L’uomo alla reception non riuscì a mascherare un ultimo, rassegnato moto di disappunto ma, con un cenno, lo invitò ad accomodarsi.
«Grazie ancora» disse Saint Jacques, questa volta con un sorriso affabile, «La prego di riferire al latore del messaggio che può raggiungermi lì.»
«Come vuole, signore» rispose freddamente il concierge, senza guardarlo.

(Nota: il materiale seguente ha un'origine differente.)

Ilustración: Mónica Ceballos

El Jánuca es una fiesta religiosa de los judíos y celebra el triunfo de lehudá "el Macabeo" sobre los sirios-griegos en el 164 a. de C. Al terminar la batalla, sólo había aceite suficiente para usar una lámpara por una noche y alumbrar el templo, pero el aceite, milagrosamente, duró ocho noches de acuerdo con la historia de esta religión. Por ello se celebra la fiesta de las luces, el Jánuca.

Il giovane si ravviò il ciuffo biondo, che gli ricopriva quasi interamente la fronte, e si diresse con calma verso il ristorante. La sala iniziava a ricevere i primi clienti, ma a Emile riuscì ugualmente di occupare un tavolo situato presso il muro opposto all’ingresso, scelto per meglio controllare il traffico degli avventori. Dopo aver sistemato il tovagliolo alla destra del piatto, anziché sulle gambe, per non inumidirlo, estrasse la busta dalla tasca e l’osservò, reggendola con ambo le mani fra sé e il tavolo. Il sigillo non riportava simboli o monogrammi, ma non ce n’era bisogno: Saint Jacques aveva ogni motivo di ritenere che il mittente fosse l’Ammiraglio Alexandre De Plancy, il suo diretto superiore, che intendeva confermargli per iscritto l’ordine di cooperare con un agente segreto del Regno di Sardegna, appena giunto in Asia per sostenerlo operativamente ed economicamente.

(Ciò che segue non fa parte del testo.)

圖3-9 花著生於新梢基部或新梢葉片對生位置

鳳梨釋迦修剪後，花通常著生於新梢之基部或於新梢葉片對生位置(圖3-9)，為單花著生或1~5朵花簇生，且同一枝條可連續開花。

L’inaspettata notizia gli era pervenuta il giorno avanti, attraverso uno dei suoi informatori e, data la ristrettezza di tempi, era stato assai infastidito di non aver potuto dire la propria. La sua contrarietà, in effetti, nasceva da un approccio molto scrupoloso alla propria missione: in assenza di indicazioni da parte dei propri superiori, quali sarebbero stati i termini di questa nuova collaborazione? Quali informazioni e quali contatti avrebbe dovuto condividere? In tre anni di permanenza nel Borneo aveva creato una rete di confidenti e di spie molto efficiente e, ora che il suo impegno iniziava a dare i primi frutti, non si sentiva molto disposto a parlarne con un agente straniero, sebbene in possesso di solide credenziali. Inoltre, ammesso e non concesso che non fosse un infiltrato degli inglesi, che contributo avrebbe mai potuto dare al suo lavoro? Saint Jacques temette di veder buttati all’aria tre anni di rischi e di fatiche, specie in un momento cruciale come quello, in cui si sentiva davvero prossimo a imbarcarsi per la misteriosa e protettissima isola celeste di Kourang. In effetti, pensò, la decisione dell’Ammiragliato peccava di mancanza di tempismo e, in base a ciò, ritenne che l’atteggiamento più prudente fosse quello di prendere tempo.
Si, tergiversare poteva essere in quel momento la scelta migliore, ovvero: rimandare l’inizio della nuova collaborazione al suo rientro dai regni volanti, anche se ciò equivaleva a dire “a divinis”, dato che le incognite del viaggio erano appena inferiori a quelle di poterlo intraprendere. Inoltre, sentiva, portare con sé un nuovo elemento, dalla lealtà ancora tutta da provare, poteva essere un azzardo.